Bio: Leah Fennell is a theatre maker, actor and artist based in Sutton Coldfield. She studied Drama at University of Manchester, and now primarily makes theatrical work using her continued academic research to inform her practise. She is self-professed 'goth Sue Pollard', lover of the dark, macabre and hilarious; and is a very-timely 21st Century Dadaist. Earlier this year she founded the artistic community and zine Belka 'n' Strelka, and she is West Midlands Regional Ambassador for the global charity It Gets Better.
Abstract: The malicious and enthralling monster of Damien Leone’s Terrifier film franchise, Art the Clown, is a quickly growing fan favourite amongst horror enthusiasts, but his character remains largely unexplored in academia. Carol J. Clover’s fundamental contributions to understanding gender in the slasher film in her text Men, Women and Chain Saws demonstrate how the queer-coded monster is “the psychotic product of a sick family” (23) or a product of their respective sexually repressive societies. But what about the queer-coded monsters who exist outside the margins of society and culture? In this instance of Art the Clown, who lacks both familial origins and any intimate connection to culture and its norms, I argue that the solitary queer-coded monster is not a product of his repressive society. Rather he weaponizes queerness to further his own monstrosity and perversity, therefore deploying queerness as an agent of fear.

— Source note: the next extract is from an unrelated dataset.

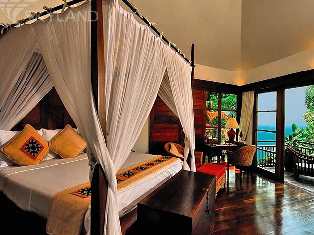 В отеле 69 комфортабельных вилл и резиденций с 1, 2 , 3, и 4 спальнями, отделанных тиком, бамбуком, дорогими шелками и тканями из хлопка, обставленных изящной мебелью и украшенных произведениями традиционного тайского искусства. С уютных террас и балконов номеров открывается великолепный вид на Сиамский залив и соседние острова.

Drawing from theorists Carol J. Clover and Robin Wood’s works on the role of gender and sexuality in the horror genre, I will analyze Art the Clown’s characterization as a queer monster and how this aspect of his persona works to instil fear in the audience. Moreover, I will articulate the significance of Art the Clown as a solitary monster, compared to one with explicit familial origins and involvement in everyday society. I will compare representations of Art the Clown’s gender in the three Terrifier films, All Hallows Eve, and his debut film The 9th Circle to his slasher predecessors: Norman Bates from Psycho, Leatherface from The Texas Chain Saw Massacre, and Buffalo Bill from The Silence of the Lambs. Art the Clown is an exquisitely unique villain whose entrance into the academic conversation of slashers and gender is long overdue. Thus, through exploring the portrayal of his relationship with gender, I hope to situate Art the Clown in the canonical list of queer-coded slasher monsters.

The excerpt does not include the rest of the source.